| Aim of the exercise |
Within the material below, transcribe exactly the lines from the one holding "Die Halskette besteht" through the one holding "2023年4月28日上午,p", keeping both ends and skipping the rest.

| Given records |

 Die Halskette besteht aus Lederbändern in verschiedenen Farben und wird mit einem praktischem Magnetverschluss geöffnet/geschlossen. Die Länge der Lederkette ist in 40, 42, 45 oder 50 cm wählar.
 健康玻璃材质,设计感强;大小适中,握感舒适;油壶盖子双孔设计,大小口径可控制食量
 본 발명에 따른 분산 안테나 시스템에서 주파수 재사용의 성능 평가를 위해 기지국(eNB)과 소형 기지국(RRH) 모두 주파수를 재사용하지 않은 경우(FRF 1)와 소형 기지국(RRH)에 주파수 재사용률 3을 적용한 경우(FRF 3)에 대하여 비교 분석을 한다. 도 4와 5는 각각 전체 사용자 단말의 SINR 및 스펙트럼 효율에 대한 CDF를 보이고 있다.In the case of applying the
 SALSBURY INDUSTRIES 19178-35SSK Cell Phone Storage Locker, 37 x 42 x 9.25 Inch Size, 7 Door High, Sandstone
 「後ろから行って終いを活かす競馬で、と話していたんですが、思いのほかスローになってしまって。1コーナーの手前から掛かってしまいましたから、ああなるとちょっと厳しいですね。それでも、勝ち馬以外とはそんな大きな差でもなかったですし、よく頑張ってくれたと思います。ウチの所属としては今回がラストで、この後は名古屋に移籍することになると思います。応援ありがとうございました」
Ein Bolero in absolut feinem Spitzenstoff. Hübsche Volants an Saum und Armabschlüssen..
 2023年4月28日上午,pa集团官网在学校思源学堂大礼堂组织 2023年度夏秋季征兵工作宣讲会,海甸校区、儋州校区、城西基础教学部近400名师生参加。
...
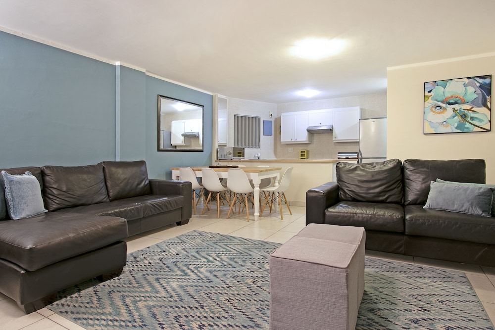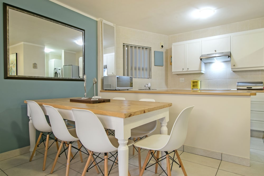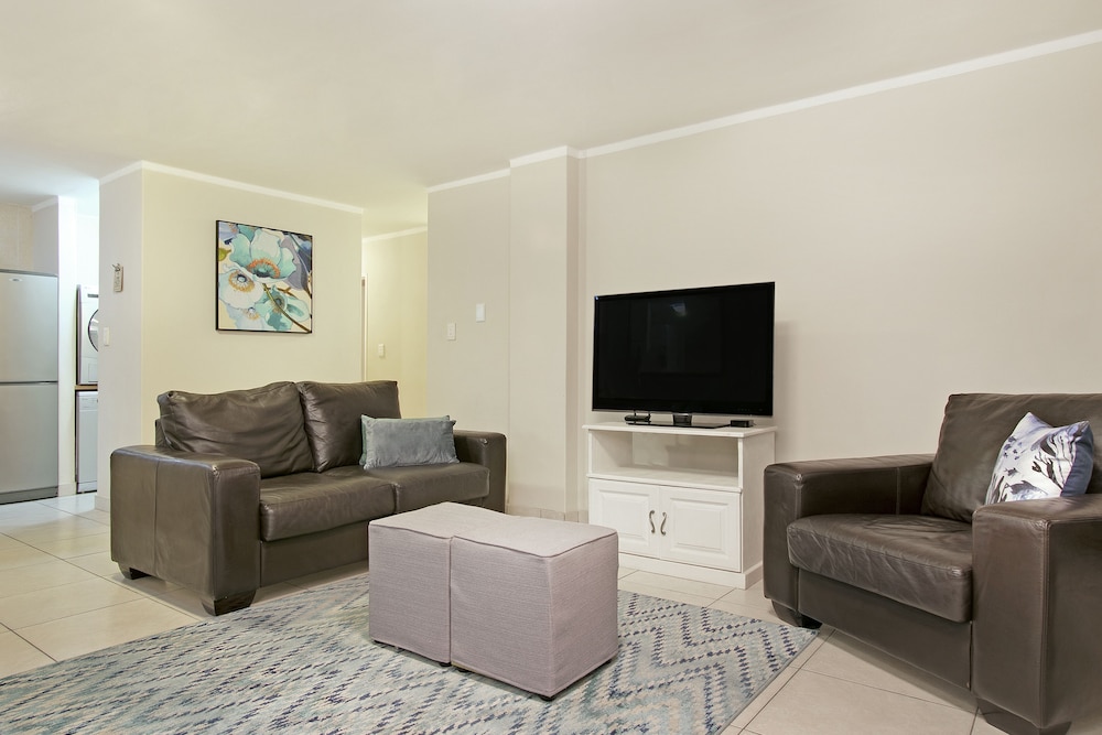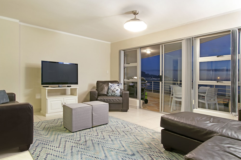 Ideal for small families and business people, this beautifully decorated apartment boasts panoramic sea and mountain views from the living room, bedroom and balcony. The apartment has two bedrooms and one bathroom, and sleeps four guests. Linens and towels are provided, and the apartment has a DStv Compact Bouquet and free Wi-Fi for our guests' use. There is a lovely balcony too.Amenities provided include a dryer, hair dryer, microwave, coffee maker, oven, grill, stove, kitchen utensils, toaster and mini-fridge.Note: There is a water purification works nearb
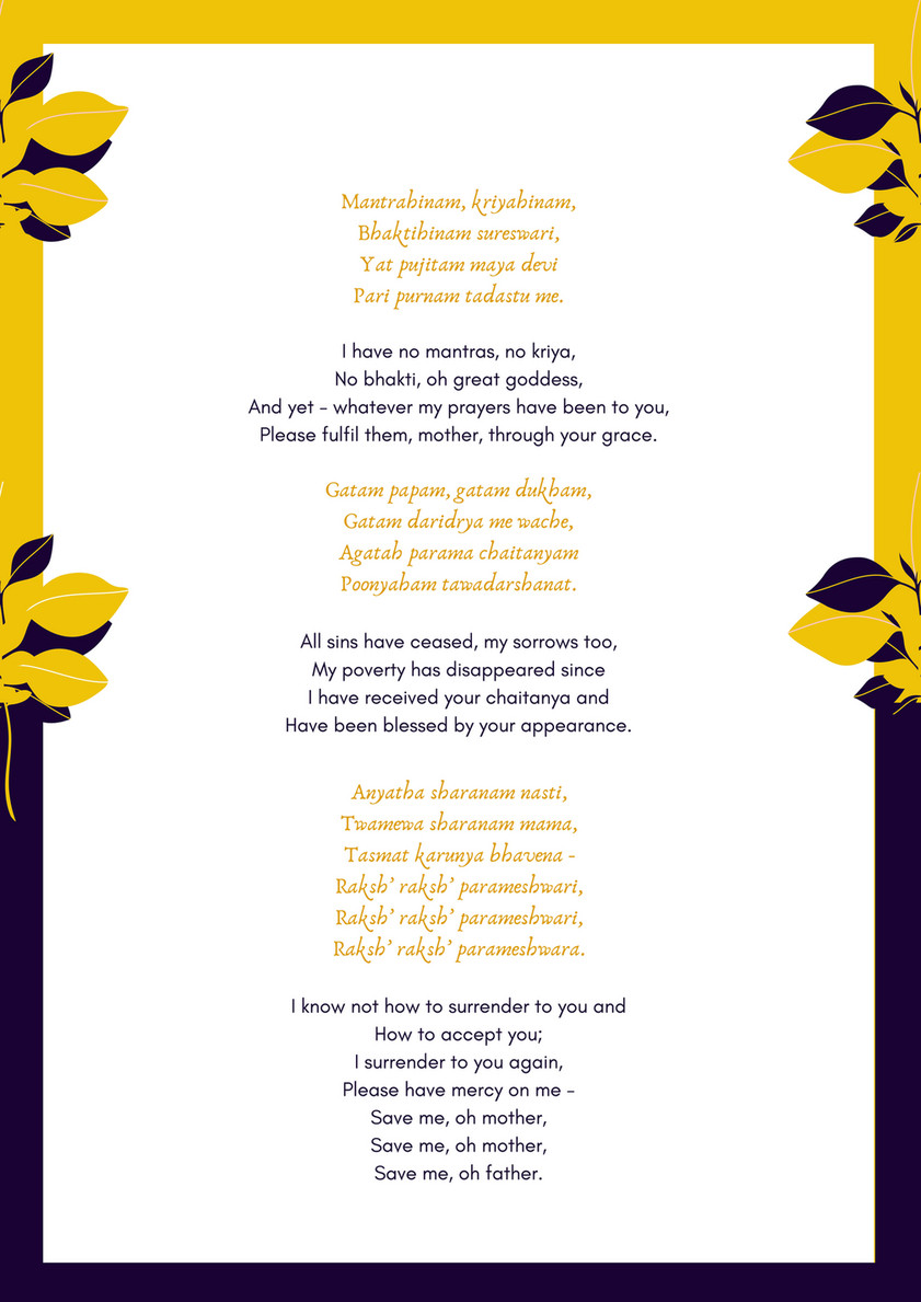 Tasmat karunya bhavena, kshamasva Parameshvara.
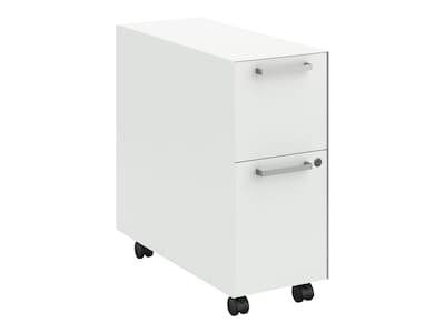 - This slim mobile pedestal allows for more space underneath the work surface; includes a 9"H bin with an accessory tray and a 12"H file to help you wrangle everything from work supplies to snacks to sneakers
---
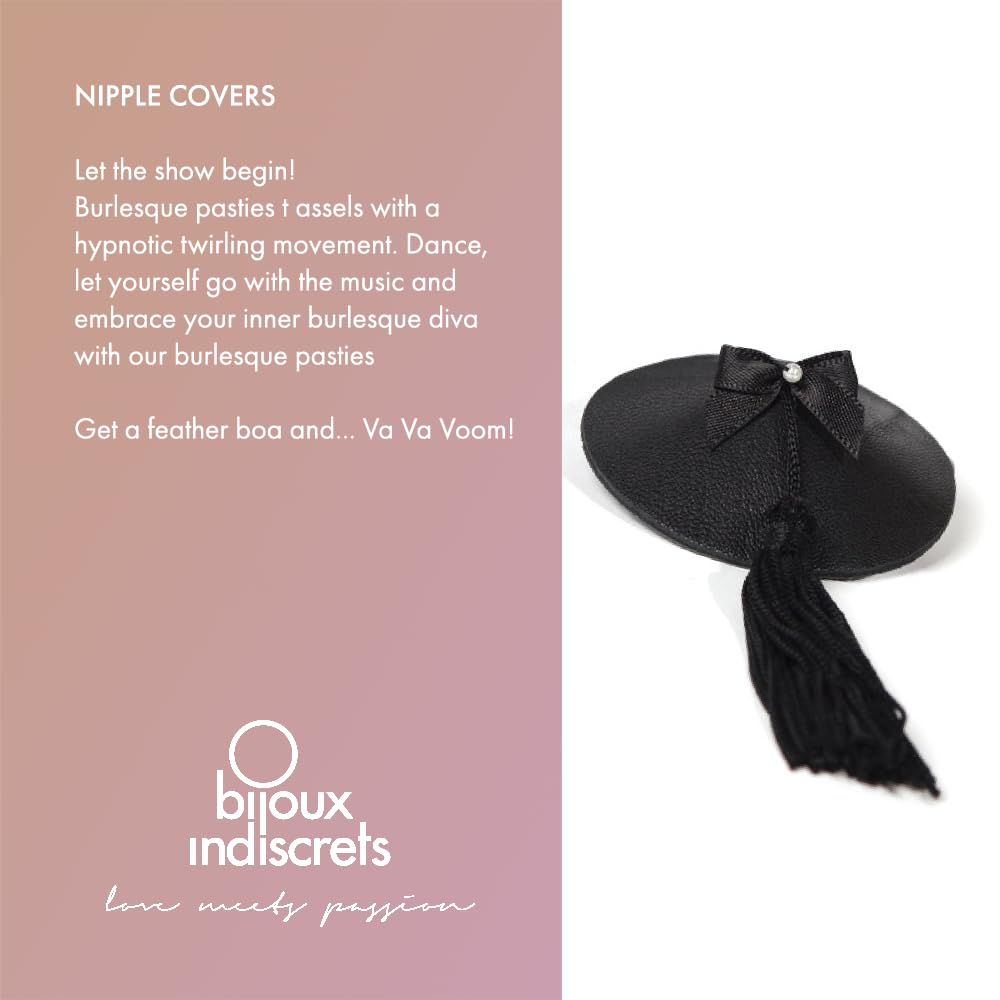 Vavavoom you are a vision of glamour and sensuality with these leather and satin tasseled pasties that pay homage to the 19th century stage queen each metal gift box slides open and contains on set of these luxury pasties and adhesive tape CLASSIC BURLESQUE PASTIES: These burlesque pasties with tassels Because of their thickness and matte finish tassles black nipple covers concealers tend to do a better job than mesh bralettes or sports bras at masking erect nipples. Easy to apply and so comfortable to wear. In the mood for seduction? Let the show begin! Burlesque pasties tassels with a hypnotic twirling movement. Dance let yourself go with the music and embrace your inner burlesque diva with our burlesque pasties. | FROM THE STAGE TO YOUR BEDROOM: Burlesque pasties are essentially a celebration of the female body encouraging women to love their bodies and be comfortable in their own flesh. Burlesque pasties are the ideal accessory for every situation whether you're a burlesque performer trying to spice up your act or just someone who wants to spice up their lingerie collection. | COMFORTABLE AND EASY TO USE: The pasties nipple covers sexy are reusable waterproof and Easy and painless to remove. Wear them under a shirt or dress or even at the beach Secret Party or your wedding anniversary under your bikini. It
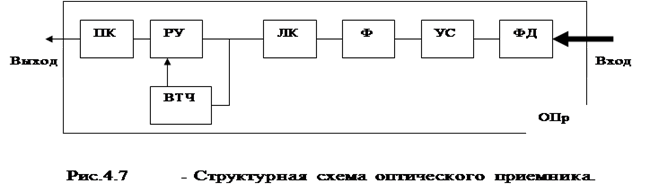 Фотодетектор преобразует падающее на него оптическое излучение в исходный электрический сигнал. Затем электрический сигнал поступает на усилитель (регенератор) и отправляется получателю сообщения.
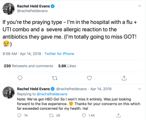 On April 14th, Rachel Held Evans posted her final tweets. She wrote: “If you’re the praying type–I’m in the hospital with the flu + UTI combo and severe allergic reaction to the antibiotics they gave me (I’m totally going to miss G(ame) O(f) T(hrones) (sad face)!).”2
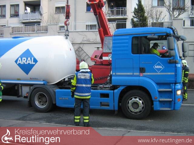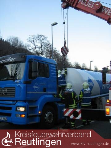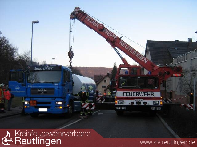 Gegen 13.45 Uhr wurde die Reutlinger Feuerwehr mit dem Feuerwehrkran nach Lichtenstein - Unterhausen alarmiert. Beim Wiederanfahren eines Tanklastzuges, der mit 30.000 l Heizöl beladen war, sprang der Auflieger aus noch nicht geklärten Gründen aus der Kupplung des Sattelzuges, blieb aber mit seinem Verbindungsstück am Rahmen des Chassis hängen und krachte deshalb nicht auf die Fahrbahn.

| Exercise answer |
 Die Halskette besteht aus Lederbändern in verschiedenen Farben und wird mit einem praktischem Magnetverschluss geöffnet/geschlossen. Die Länge der Lederkette ist in 40, 42, 45 oder 50 cm wählar.
 健康玻璃材质,设计感强;大小适中,握感舒适;油壶盖子双孔设计,大小口径可控制食量
 본 발명에 따른 분산 안테나 시스템에서 주파수 재사용의 성능 평가를 위해 기지국(eNB)과 소형 기지국(RRH) 모두 주파수를 재사용하지 않은 경우(FRF 1)와 소형 기지국(RRH)에 주파수 재사용률 3을 적용한 경우(FRF 3)에 대하여 비교 분석을 한다. 도 4와 5는 각각 전체 사용자 단말의 SINR 및 스펙트럼 효율에 대한 CDF를 보이고 있다.In the case of applying the
 SALSBURY INDUSTRIES 19178-35SSK Cell Phone Storage Locker, 37 x 42 x 9.25 Inch Size, 7 Door High, Sandstone
 「後ろから行って終いを活かす競馬で、と話していたんですが、思いのほかスローになってしまって。1コーナーの手前から掛かってしまいましたから、ああなるとちょっと厳しいですね。それでも、勝ち馬以外とはそんな大きな差でもなかったですし、よく頑張ってくれたと思います。ウチの所属としては今回がラストで、この後は名古屋に移籍することになると思います。応援ありがとうございました」
Ein Bolero in absolut feinem Spitzenstoff. Hübsche Volants an Saum und Armabschlüssen..
 2023年4月28日上午,pa集团官网在学校思源学堂大礼堂组织 2023年度夏秋季征兵工作宣讲会,海甸校区、儋州校区、城西基础教学部近400名师生参加。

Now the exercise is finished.